(Task data Opens)

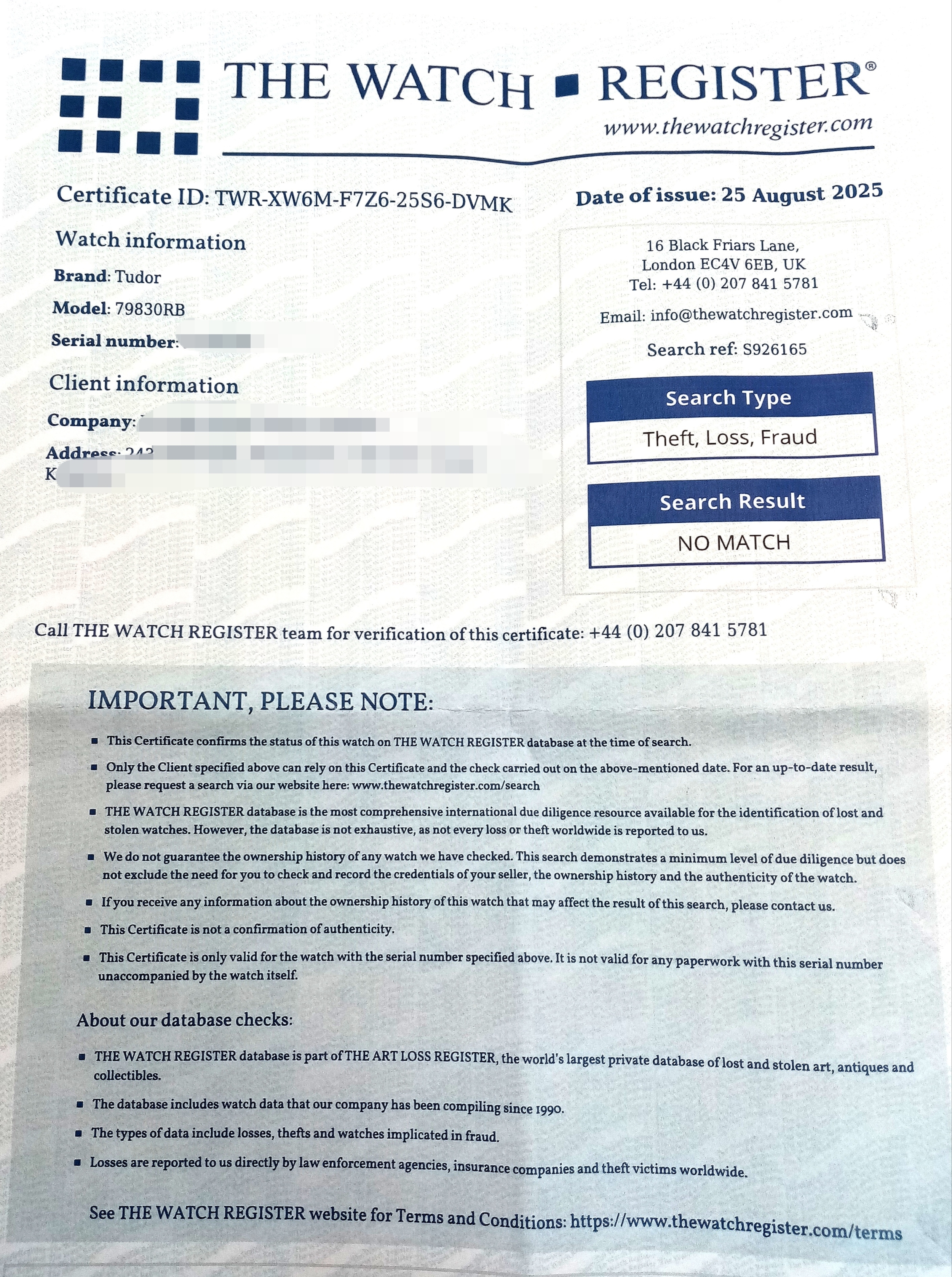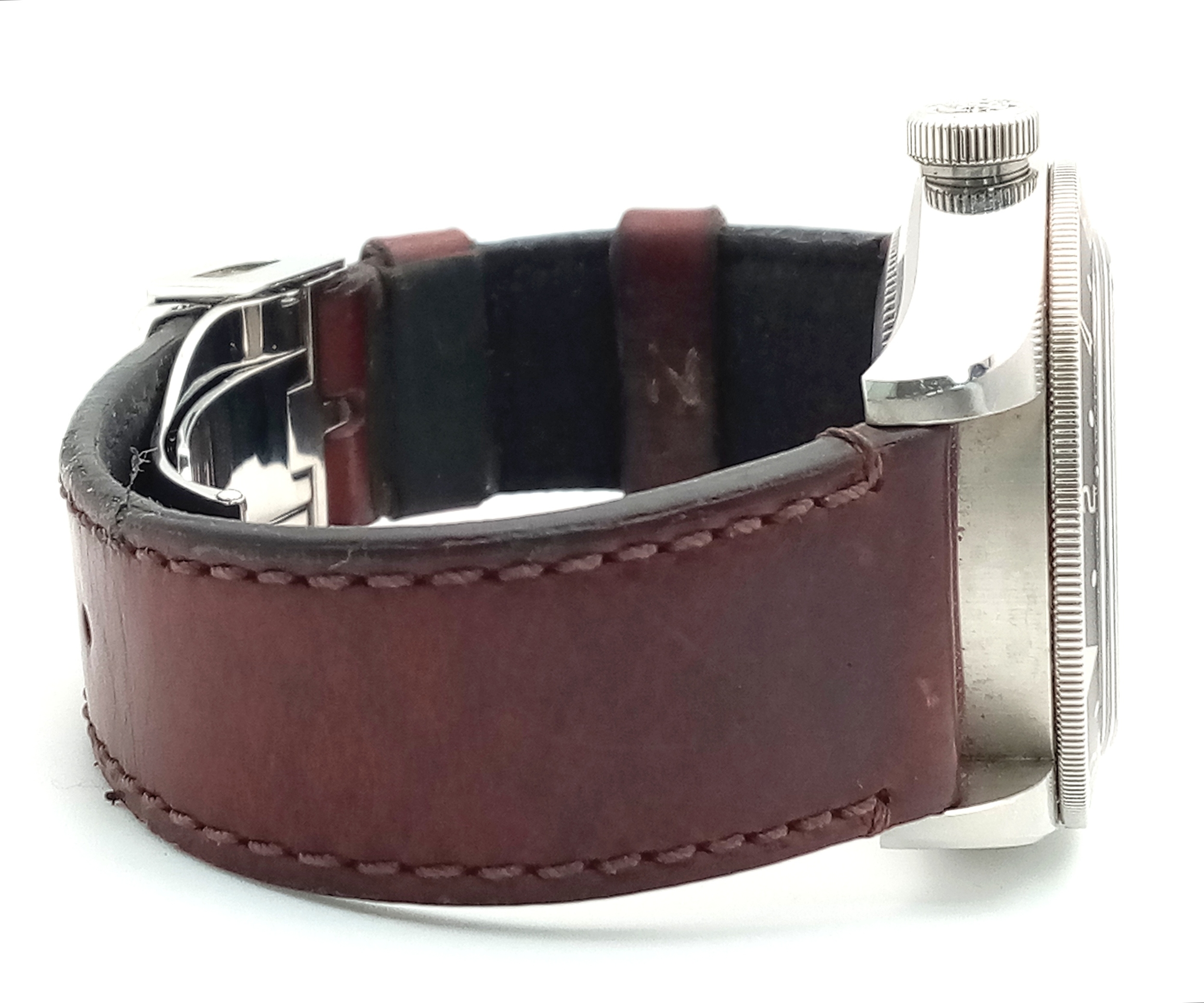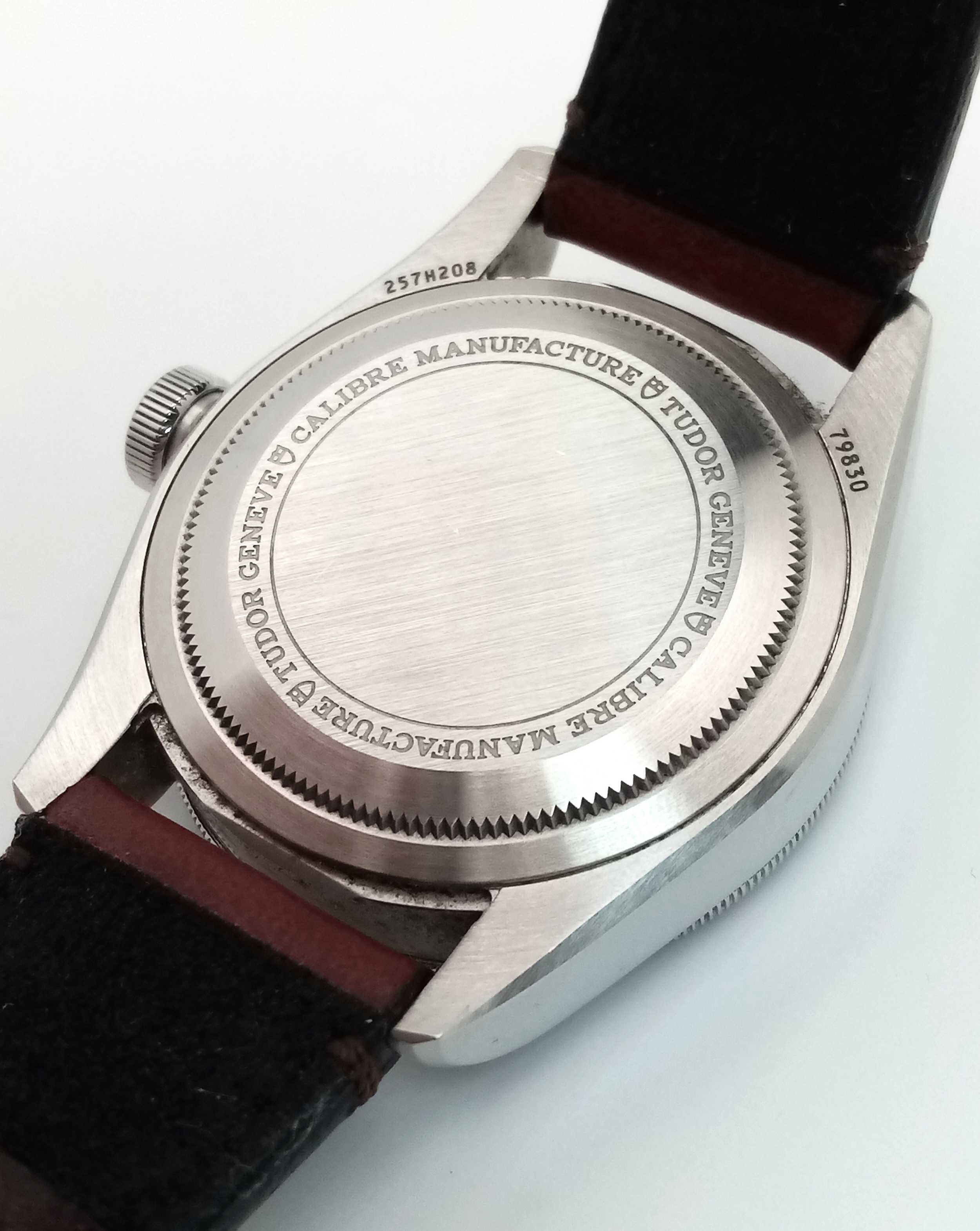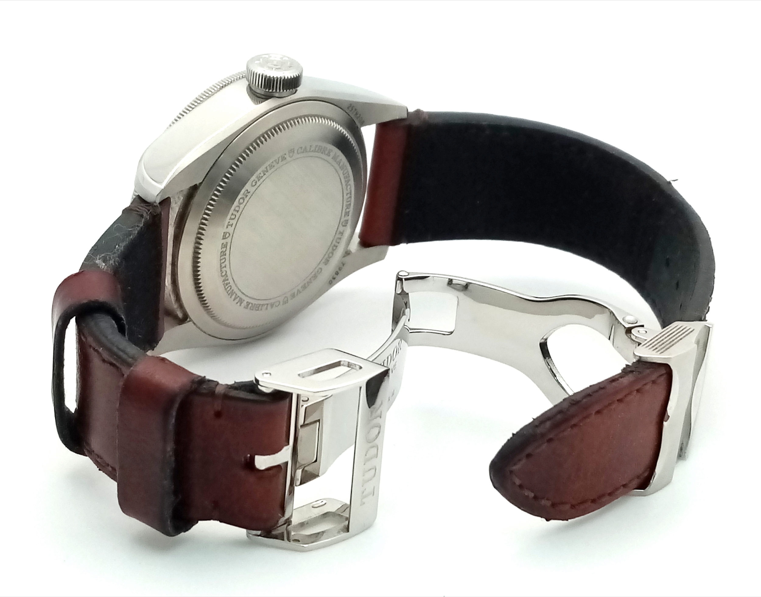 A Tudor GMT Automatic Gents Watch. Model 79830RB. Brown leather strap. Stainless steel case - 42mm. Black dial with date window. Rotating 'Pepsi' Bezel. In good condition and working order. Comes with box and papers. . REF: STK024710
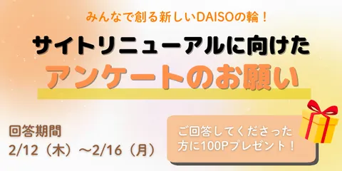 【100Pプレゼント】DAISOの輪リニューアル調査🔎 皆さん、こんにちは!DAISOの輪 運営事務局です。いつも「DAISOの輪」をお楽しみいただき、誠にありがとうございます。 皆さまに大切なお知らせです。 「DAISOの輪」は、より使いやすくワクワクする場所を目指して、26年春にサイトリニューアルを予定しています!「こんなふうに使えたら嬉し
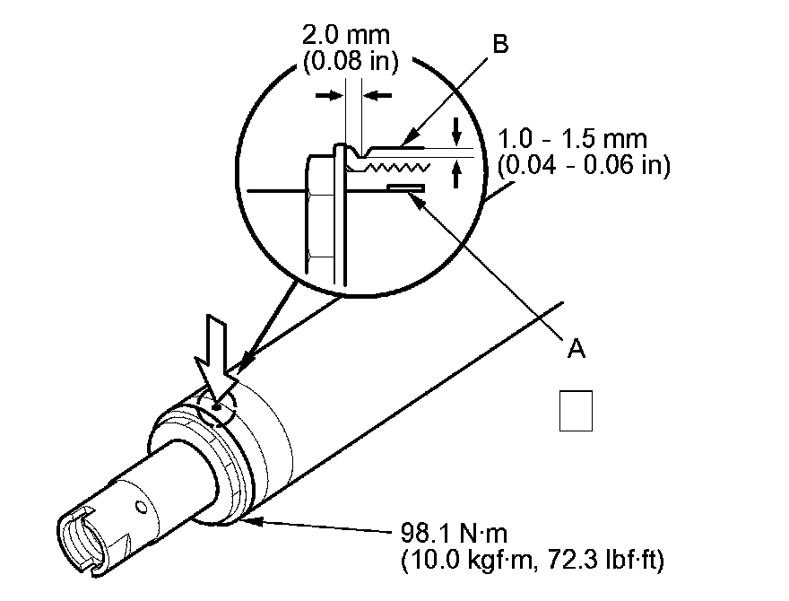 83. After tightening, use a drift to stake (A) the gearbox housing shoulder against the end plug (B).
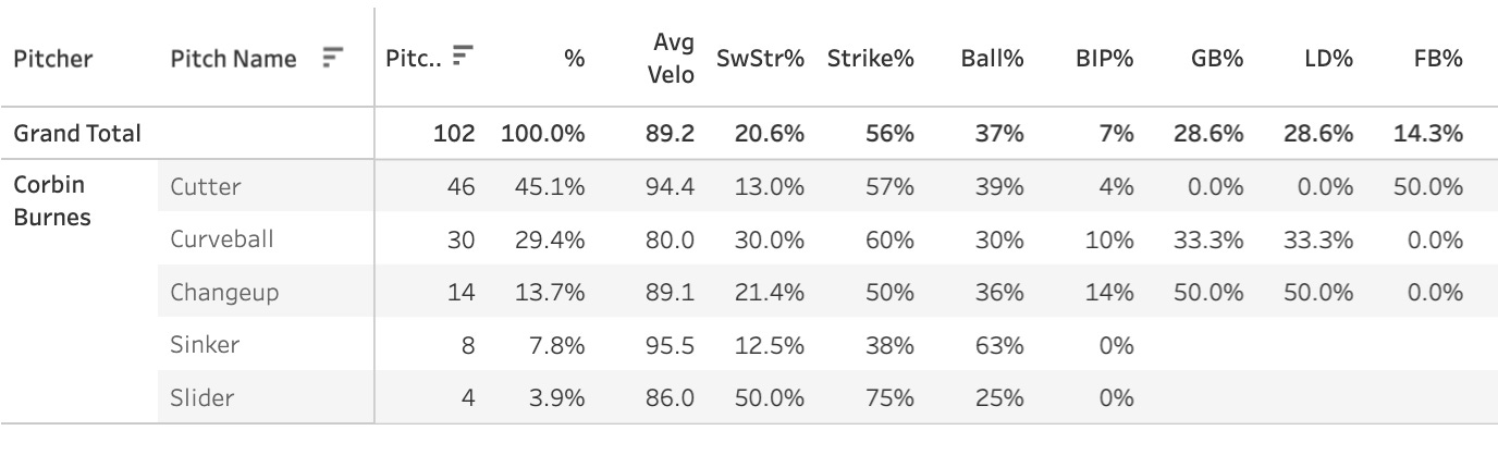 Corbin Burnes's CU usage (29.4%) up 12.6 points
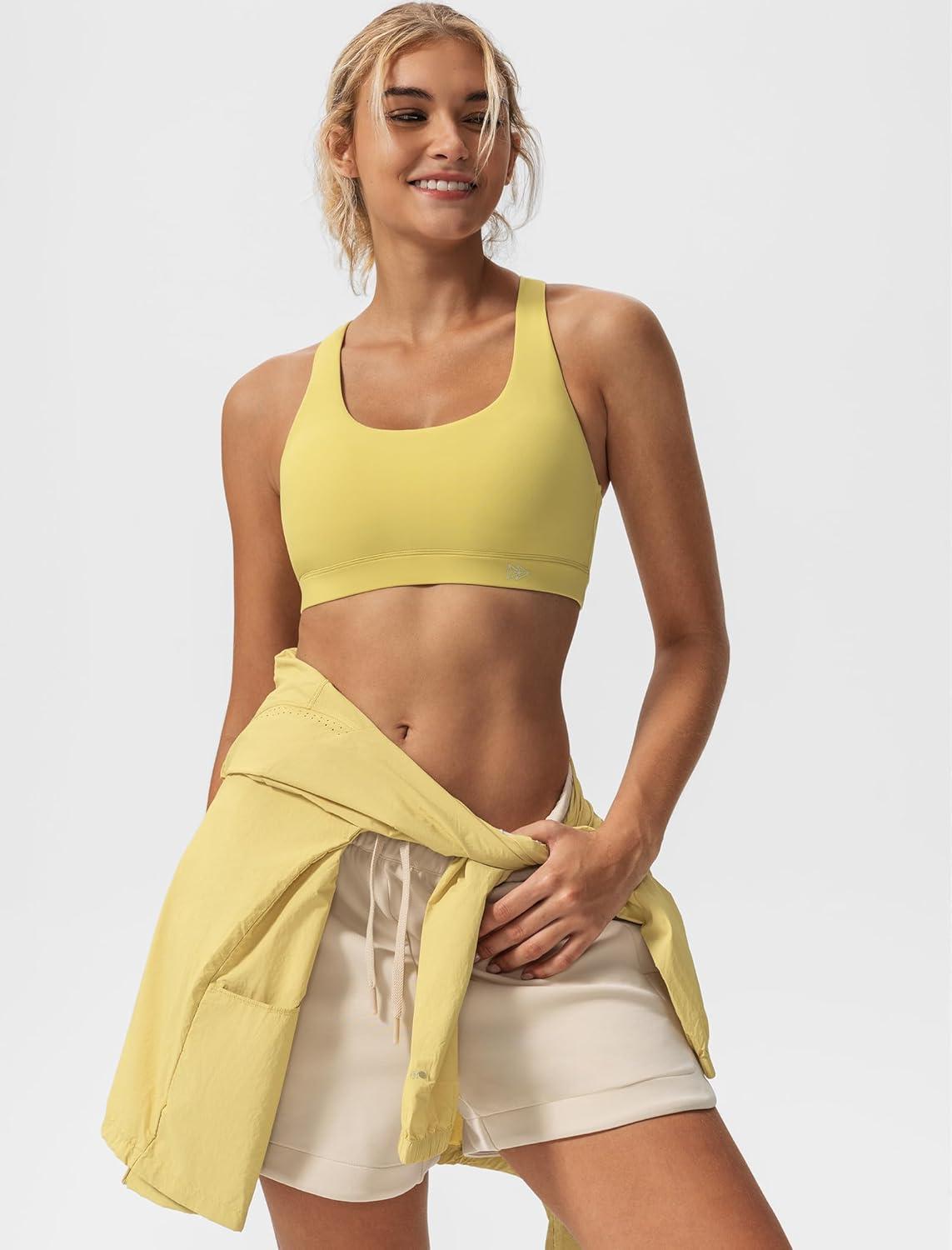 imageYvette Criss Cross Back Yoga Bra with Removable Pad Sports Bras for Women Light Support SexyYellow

(Task data Closes)

- [Task prompt]: Produce an exact copy of the lines from the line with "83. After tightening, use" through the last line of the data above, both ends included. No pictures belong in it.

- [Result for this task]:
 83. After tightening, use a drift to stake (A) the gearbox housing shoulder against the end plug (B).
 Corbin Burnes's CU usage (29.4%) up 12.6 points
 imageYvette Criss Cross Back Yoga Bra with Removable Pad Sports Bras for Women Light Support SexyYellow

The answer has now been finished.